:: DATA EXTRACT

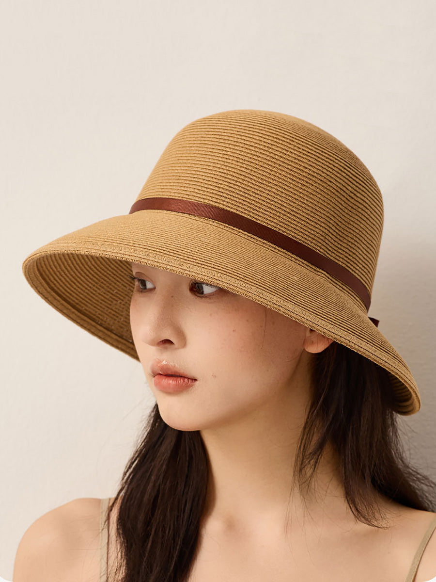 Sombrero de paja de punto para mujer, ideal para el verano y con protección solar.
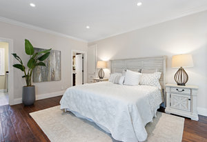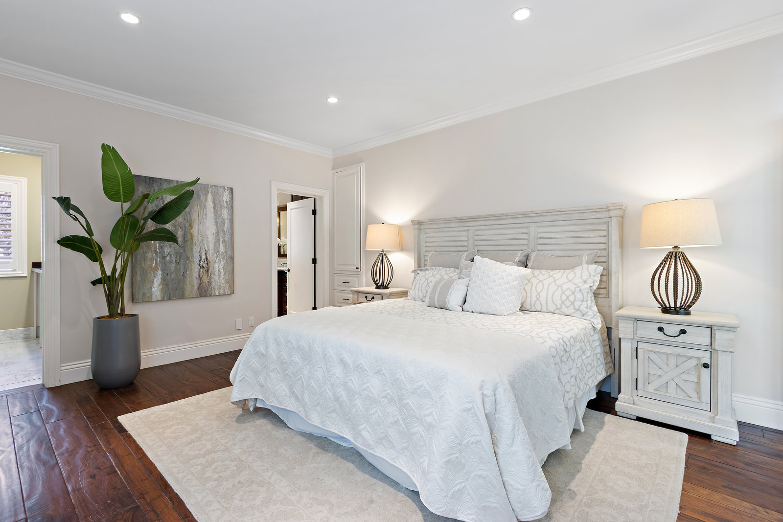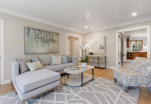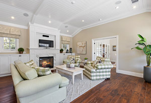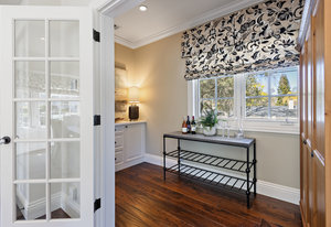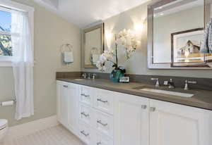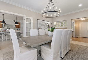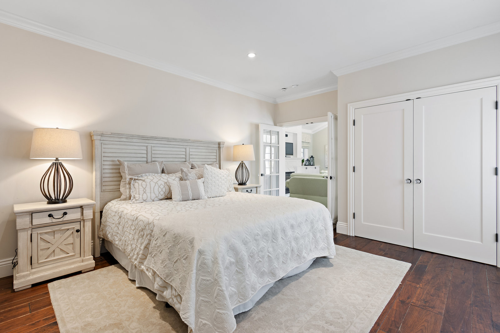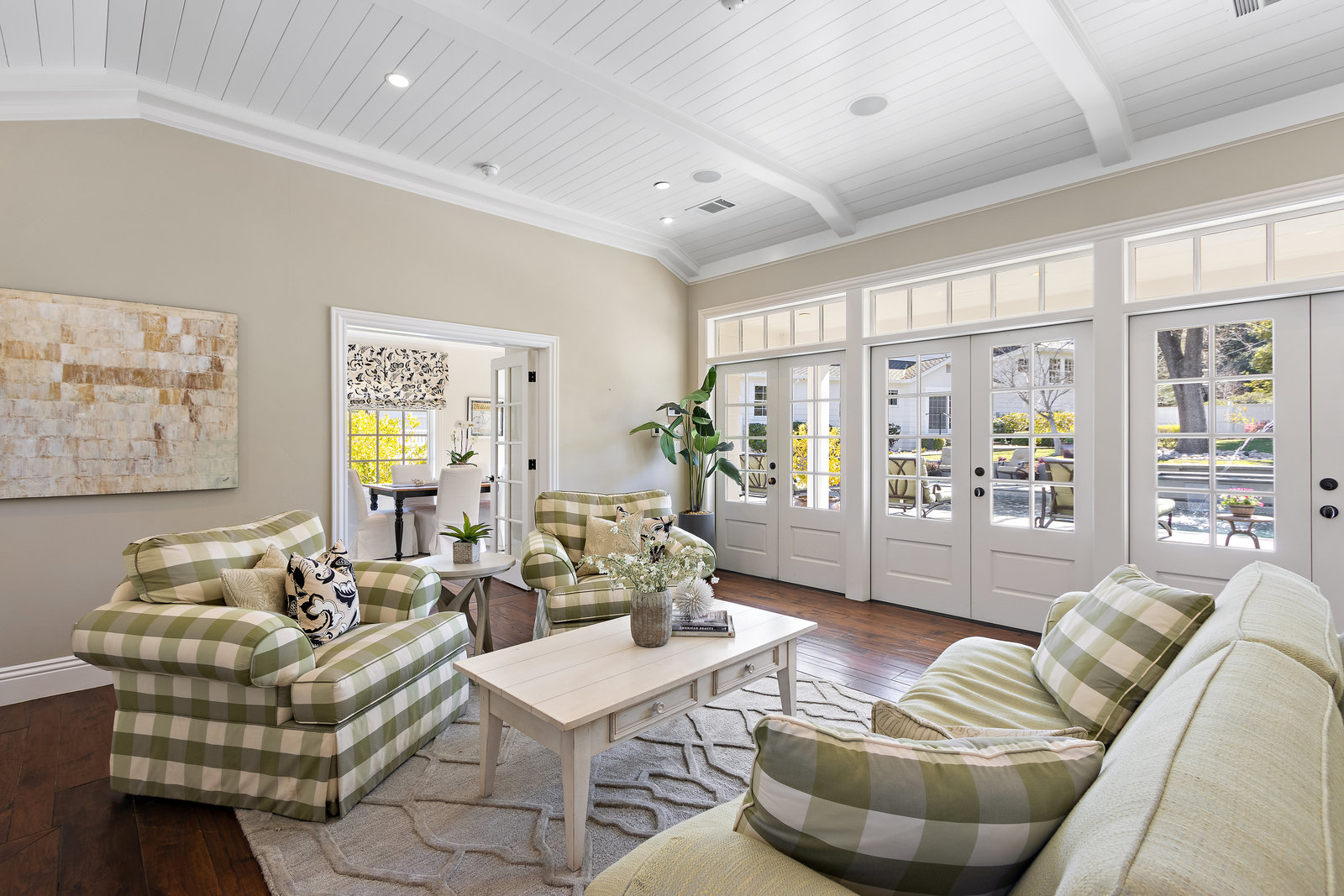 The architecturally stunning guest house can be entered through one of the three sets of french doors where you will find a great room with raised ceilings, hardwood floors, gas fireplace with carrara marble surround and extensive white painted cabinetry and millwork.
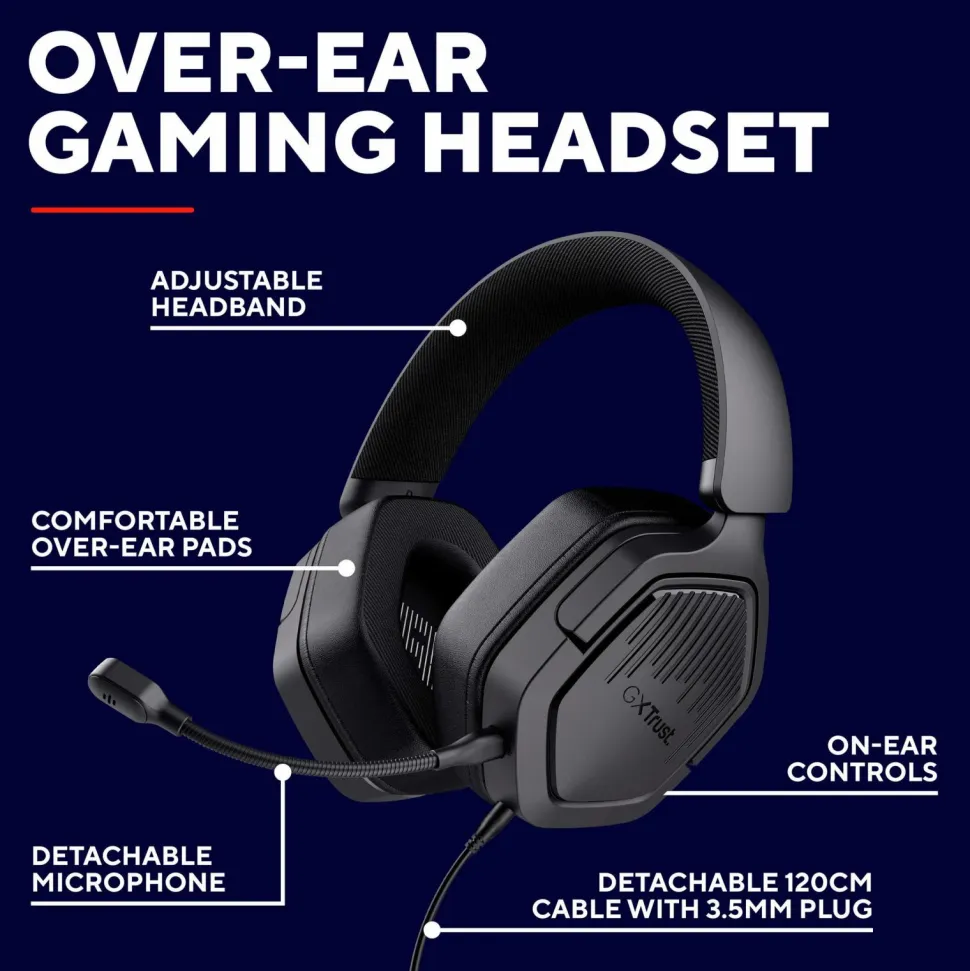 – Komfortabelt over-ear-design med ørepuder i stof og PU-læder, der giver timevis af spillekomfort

::::

(YOUR OBJECTIVE) Within the listing above, find the line containing "The architecturally stunning", then print it and every line after it exactly, leaving out pictures.

(SOLUTION TO THIS PROBLEM)
 The architecturally stunning guest house can be entered through one of the three sets of french doors where you will find a great room with raised ceilings, hardwood floors, gas fireplace with carrara marble surround and extensive white painted cabinetry and millwork.
 – Komfortabelt over-ear-design med ørepuder i stof og PU-læder, der giver timevis af spillekomfort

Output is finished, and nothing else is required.